On Tue, Feb 28, 2017 at 12:02 PM, douglas.beattie--- via
dev-security-policy <
dev-secur...@lists.mozilla.org> wrote:
> Ryan,
>
> GlobalSign certificate issuance has been referenced in several different
> threads recently and I think most of them are closed; however, if you feel
> otherwise, let me know.
>
Hi Doug,
Right, I realize there were several threads - You've addressed some of the
scenarios for both Incapsula and the test certificates - however, I haven't
seen an explanation as to how the spaces were introduced into these SANs,
the scope of how many GlobalSign certs this affected, how long the duration
of affect was, and what GlobalSign is doing to correct that.
While I understand you plan to reach out to Vietnam Airlines regarding this
specific cert, it's understanding both the root cause and the steps
GlobalSign is taking to redress those that I think are relevant here.
> And lastly this ticket. The Domain name was validated in accordance with
> the BRs, but there was a bug that allowed a user entered space to be
> included in some of the SAN values. While the value is not compliant with
> RFC 5280 or the BRs, there was no security issue with the certificate that
> was issued (it was likely not able to secure the intended subdomains).

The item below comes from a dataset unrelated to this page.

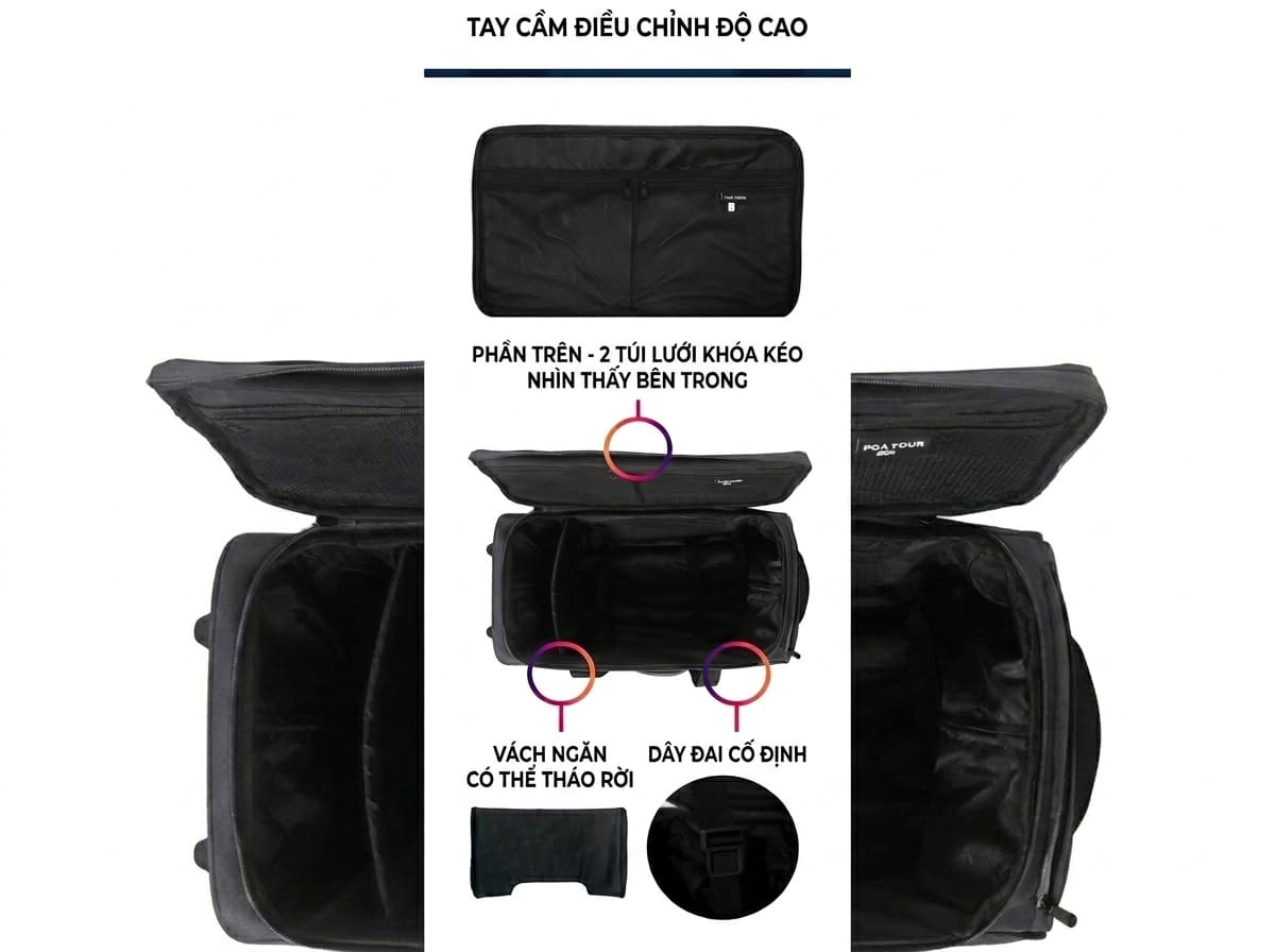 Không chỉ là chiếc vali kéo, quý khách hoàn toàn có thể xách vali như một chiếc boston với thiết kế 2 dây đeo 2 bên. Phù hợp với nhiều phong cách sử dụng khác nhau.
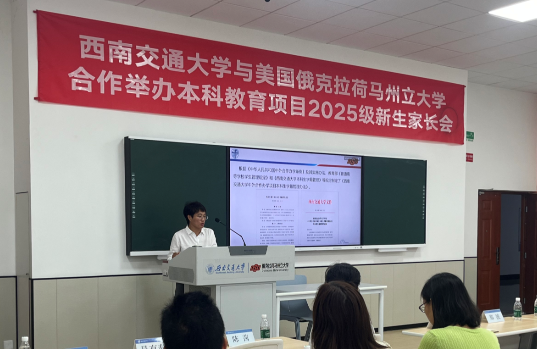 与美国俄克拉荷马州立大学合作举办本科教育项目(以下简称“项目”)2025级新生家长会在4249教室举行,旨在帮助家长了解项目基本情况,搭建家校沟通桥梁,共同促进学生成长。影巢

> We'll provide an incident report for this.
>
> If this isn't sufficient for some reason, I'm sure you will let us know.

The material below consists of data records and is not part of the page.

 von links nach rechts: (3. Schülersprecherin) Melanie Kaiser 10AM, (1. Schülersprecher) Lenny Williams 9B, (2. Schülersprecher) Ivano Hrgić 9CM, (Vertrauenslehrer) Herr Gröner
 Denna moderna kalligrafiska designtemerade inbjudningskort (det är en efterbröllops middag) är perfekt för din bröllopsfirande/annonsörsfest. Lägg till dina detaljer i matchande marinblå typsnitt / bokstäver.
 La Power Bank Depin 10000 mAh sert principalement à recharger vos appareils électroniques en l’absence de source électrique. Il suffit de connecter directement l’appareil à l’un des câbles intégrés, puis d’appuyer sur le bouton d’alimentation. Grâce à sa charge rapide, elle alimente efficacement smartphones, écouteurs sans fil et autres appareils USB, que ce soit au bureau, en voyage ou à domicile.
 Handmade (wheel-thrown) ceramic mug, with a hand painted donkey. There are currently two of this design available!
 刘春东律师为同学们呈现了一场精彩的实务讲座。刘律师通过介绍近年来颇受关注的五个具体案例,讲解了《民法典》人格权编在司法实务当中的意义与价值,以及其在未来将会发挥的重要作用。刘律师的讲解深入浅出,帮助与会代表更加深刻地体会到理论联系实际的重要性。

Right, I think an incident report on this would be useful. I think I would
be quite cautious to suggest "there is no security issue with the
certificate that was issued" - I think many a CA would have said that about
encoding, say, a null byte (\0) within a SAN, prior to realizing the issues.
For example, as a systemic issue, it seems this suggests that GlobalSign
does not validate what appears in the SAN, so long as the validated domain
appears within it. This could range from a SERIOUS security issue (for
example, if GlobalSign's systems are themselves not robust against NULL
bytes) to a benign one. Understanding the root cause, scope, and
remediation plans is useful here to assure the relying parties of
GlobalSign's committment to security.